È possibile stare nel mezzo tra queste due posizioni? Senza negare la forza dell’arte di Vasconcelos, molto impegnata in maniera intelligente sui temi di genere, e con opere di indubbio impatto visivo, ci si può interrogare sull’usura cui è sottoposto il termine «dialogo», che da anni pervade la museografia internazionale, applicando troppo spesso impropriamente un principio di «pathosformel» di warburghiana memoria che abbraccia e santifica qualsiasi accostamento; e saremmo in tema visto che ora agli Uffizi c’è la mostra dedicata a Warburg («Camere con vista»), se non fosse che il grande iconologo poneva fotografie in dialogo, non oggetti. Non si vuole certo qui condannare il dialogo in sé, assai fecondo di riflessioni e ben proponibile nell’ambito di certi progetti espositivi in spazi storici destinati fin dal ’900 a quella funzione, come Forte Belvedere e Palazzo Strozzi, sedi di importanti esposizioni di artisti contemporanei, oppure nel territorio (penso per la Toscana alle iniziative di «Arte all’arte», promosse dall’Associazione Arte Continua, che hanno lasciato opere stabili, fin dall’inizio degli anni Novanta, ma non solo).
Tuttavia, agli Uffizi, nella Tribuna, era veramente indispensabile un intervento così monumentale? Mettendo da parte le questioni di sicurezza che affliggono i detrattori (Eike Schmidt ci ha assicurato che studi ingegneristici hanno previsto qualsiasi rischio perfino in caso di sisma), resta da ragionare sul significato oggi di simili operazioni in musei importanti e sovraffollati, sul senso della spettacolarizzazione che svuota, peraltro, il significato politico delle opere e le assorbe nella categoria dell’intrattenimento. Ciò avviene in un’istituzione che non ha certo bisogno di essere spettacolarizzata, essendo, fin dall’architettura, un’opera d’arte concepita da Giorgio Vasari e che invece, nella logica attuale promossa da Franceschini e ora accolta da Sangiuliano, deve attirare sempre più visitatori, richiamati con TikTok e con altre forme di comunicazione, attività in cui gli Uffizi eccellono.

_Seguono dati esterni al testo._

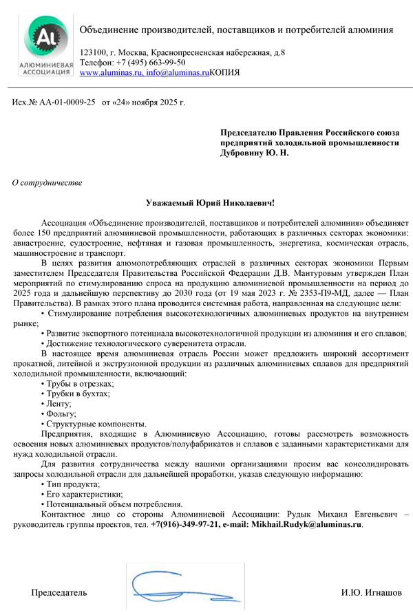 В настоящий момент Россоюзхолодпром развивает сотрудничество с Ассоциацией «Объединение производителей, поставщиков и потребителей алюминия».
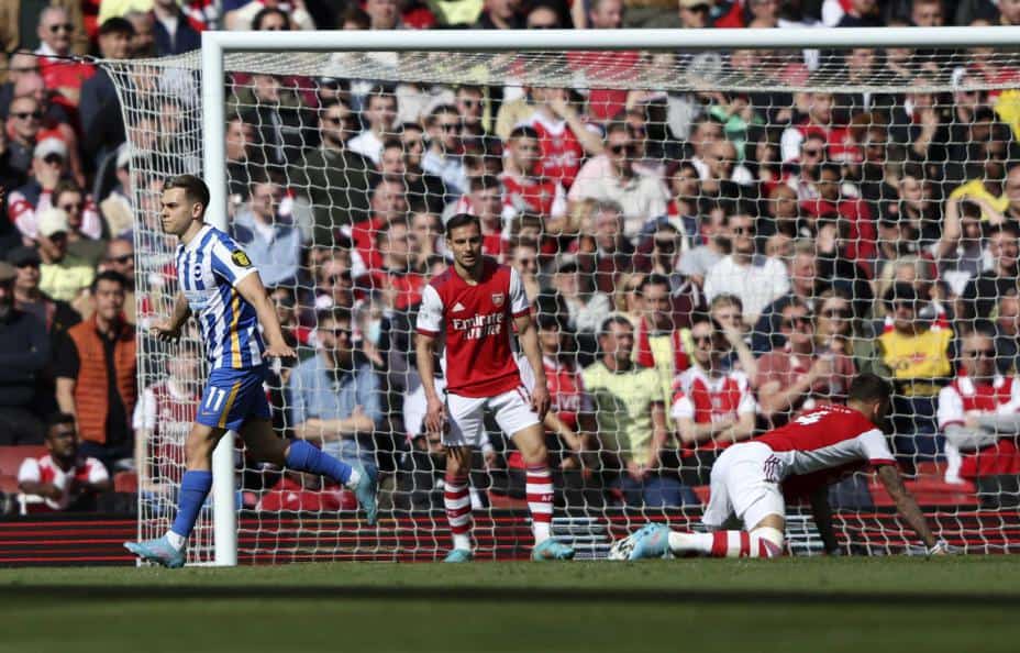 For det var et ganske blekt Arsenal-lag som stilte til kamp lørdag, og de ble straffet av et effektivt Brighton etter 28 minutter. En lang ball fra Lewis Dunk fant Enock Mwepu på høyrekanten, og han spilte 45 grader ut til Leandro Trossard, som kom stormende og hamret ballen i mål.
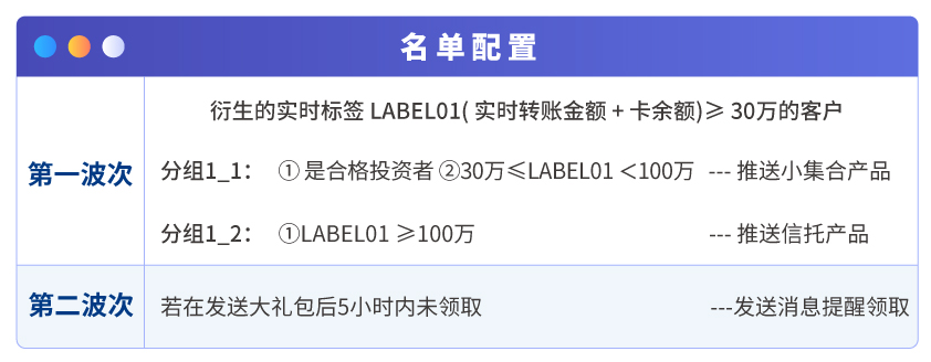 在對實時進賬客戶推送加息券大禮包場景中,系統(tǒng)通過c端客戶標簽多波次篩選出受眾,推送不同的產(chǎn)品,若c端客戶5小時內(nèi)未領(lǐng)取,系統(tǒng)還會自動推送消息提醒,提升銀行運營效率。

Esprimere questo dubbio rende però subito polverosissimi e/o elitari, perché sono proprio simili iniziative a entusiasmare una certa fascia di pubblico e a far sentire più «smart» chi teme di essere considerato ormai «vieux jeu» e si affanna nei salotti a esprimere ammirazione per la trasgressione che fa il suo ingresso nella tradizione. Ma si tratta davvero di trasgressione appendere, nella Tribuna, il complesso patchwork multicolore per restituire femminilità e sensualità alla mitica guerriera, le scarpe gigantesche coi tacchi composte di pentole («Marilyn») nella sala Bianca o la «Happy Family», una sacra famiglia pagana in cemento e maglia a ricamo, in quella di Bona? O sono appunto progetti espositivi concepiti per «épater les bourgeois» senza che nulla di contemporaneo sia pensato come opera duratura, capace di dare significato a un luogo di una città nella quale restano sempre parlanti le opere realizzate cinquecento anni fa? È il grave problema dell’uso effimero e social dell’arte contemporanea, a Firenze ma non solo.